Kıbrıslı Rum lider Anastasiades, Yunanistan Dışişleri Bakanı Nikos Kotzias ile Türkiye Dışişleri Bakanı Mevlut Çavuşoğlu arasında gerçekleştirilen son görüşmede, Türkiye’nin müzakerelerden önce Kıbrıs sorunun dış yönlerinin tartışılması prensibine yönelik niyet göstermesini önemli bir adım olarak nitelendirdi.
Anastasiadis Saray’daki toplantı sonrası yaptığı açıklamada, “bu, her iki tarafın da konumlarının en nihayet tam olarak ne olduğunun, yeterince zemin olup olmadığının anlaşılması, yeterince zemin olmaması durumunda, Cenevre ve Crans-Montana fenomenlerinin yeniden yaşanmaması için yeterli hazırlıkların yapılması yönünde atılan olumlu bir adımdır” dedi.

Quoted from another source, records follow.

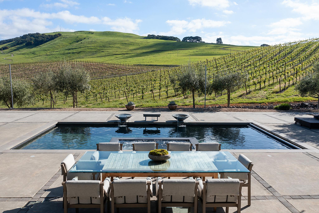 With a pool and spa, an outdoor fireplace, and a bocce ball court all nestled within 150 acres of vineyards, the property feels like a world of its own. It’s also just 45 minutes away from the Golden Gate Bridge, so it’s easy to get into the hustle of San Francisco.
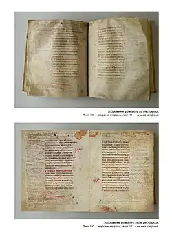 The Apostolus Christinopolitanus is a Cyrillic manuscript of the Acts and Epistles with commentary, written in Church Slavonic of the East Slavonic recension in the middle of the twelfth century. It takes its name from the town of Krystynopol (now Sheptytskyi), where it was kept until 1908. The greater part of the manuscript (291 leaves), is now in the Historical Museum in Lviv (MS 39); eight leaves are in the National Library of Ukraine in Kyiv (MS VIII.3),[1] and four more in the Czartoryski Library at the National Museum in Cracow (MS 11601). These last came to light only in 2020.[2]
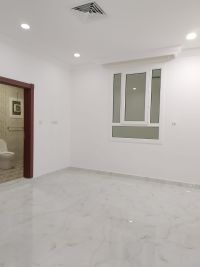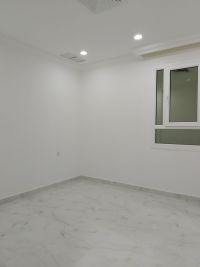 An apartment for rent in Al-Rumaithiya, 4 rooms including 2 master bedrooms, a maid's room with a bathroom, a laundry room, a living room with a guest bathroom, and two parking spaces. The rent is 650 Kuwaiti dinars with a half-month commission from Ultra Homes Property Management. We have apartments, villas, and floors available.

Türkiye’nin müzakerelerden önce Kıbrıs sorununun dış yönlerini tartışma niyetini göstermesinin ardından Kotzias ve Çavuşoğlu arasında gerçekleştirilen görüşme sonrası gelişmeleri nasıl nitelendirdiği ve başından beri istenilenin de bu olduğu sorusuna Anastasiades, “tabi ki bunu önemli olarak kabul ediyorum. Özel Danışmanın oluşturduğu izlenim gerçek olaylara dayalı değildi ve bunu söylemekten çekinmiyorum çünkü Kıbrıs sorunuyla ilgili bir konferansın toplanması için her zaman hazırdım”.

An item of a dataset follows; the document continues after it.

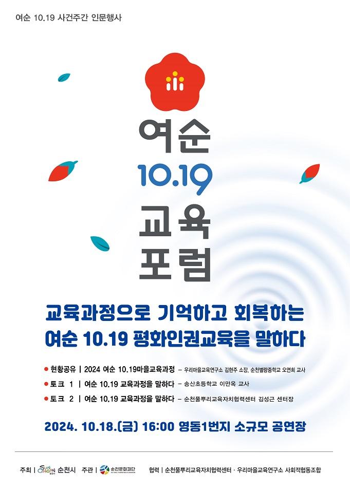 ¿ÃÇØ ¡®¿©¼ø 10¡¤19»ç°ÇÁÖ°£ Àι®Çà»ç¡¯¿¡¼´Â Ã߸ð Àü¾ßÁ¦, ¿©¼ø»ç°Ç ±³À°Æ÷·³, Æòȹ®ÈÇѸ¶´ç, ¿©¼ø»ç°Ç Ưº°Àü½Ã µî ´Ù¾çÇÑ ÇÁ·Î±×·¥ÀÌ ÁøÇàµÈ´Ù.
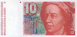 - ↑ "Schweizerische Nationalbank (SNB) – Siebte Banknotenserie (1984)". Swiss National Bank. Archived from the original on 23 April 2021. Retrieved 15 June 2021.

İşgal altındaki bölgelerdeki “meclisin” iki bölgeli, iki toplumlu bir federasyona karşı bir “oylama” yönünde yapılan çabalardan kaygı duyup duymadığı ve eğer bunların Ankara’nın herhangi bir planı çerçevesinde yönlendirildiğini düşünüp düşünmediği sorusuna Anastasiades, bu girişimlerin hiçbir zaman iki bölgeli, iki toplumlu bir federasyon istemeyenler tarafından üstlenildiğini anladığını söyledi. “onlar, 1983’te ilan edilen yasa dışı devletin tanınmasını isteyen taraflardır” dedi.
Kayıplar sorununun çözümüyle ilgili zorluğun nereden kaynaklandığı sorusuna Anastasiades “Bu durum tamamen, ya kayıpların belirlendiği mezarların kasten taşınması ya da Türk istilası nedeniyle yaşanan insani sorunun en nihayet sonuç verici bir şekilde göğüslenebilmesi yönünde Türk arşivlerinde bulunan bilgilerin verilmesi konusunda Türkiye’nin sergilediği olumsuz tavrından kaynaklanıyor” yanıtını verdi.

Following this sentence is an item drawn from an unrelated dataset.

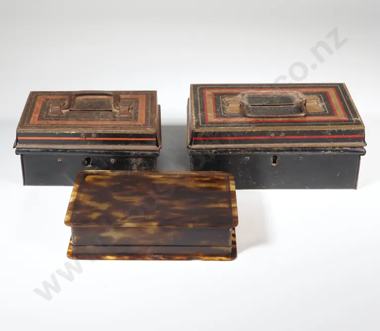 Two Metal Money Boxes & Faux Tortoiseshell Box

Bu sorunun aşılması için bir yol olup olmadığı sorusuna Anastasiades “Hükümetlere bu yönde önemli adımlar atarak yoğun başvurularda bulunduk” yanıtını verdi.
“Avrupa İnsan Hakları Mahkemesi (AİHM) tarafından alınan kararlar var ama ne yazık ki Türkiye’nin bu yöndeki ertelemelerine ve oyalamalarına karşı kabul edilemez büyük bir müsamaha sergileniyor” diyen Anastasiades, bunlardan en yenisinin, Türkiye’nin 30 milyon avro ödemesi yönünde 2014 AİHM tarafınca alınan karar olduğunu sözlerine ekledi ve meselenin tazminat olmadığı konusunda kayıp yakınlarının ısrar ettiklerini söyledi. Anastasiadis, meselenin daha duyarlı hareket etmesi gereken tarafların buna gösterdiği müsamaha olduğunu vurguladı.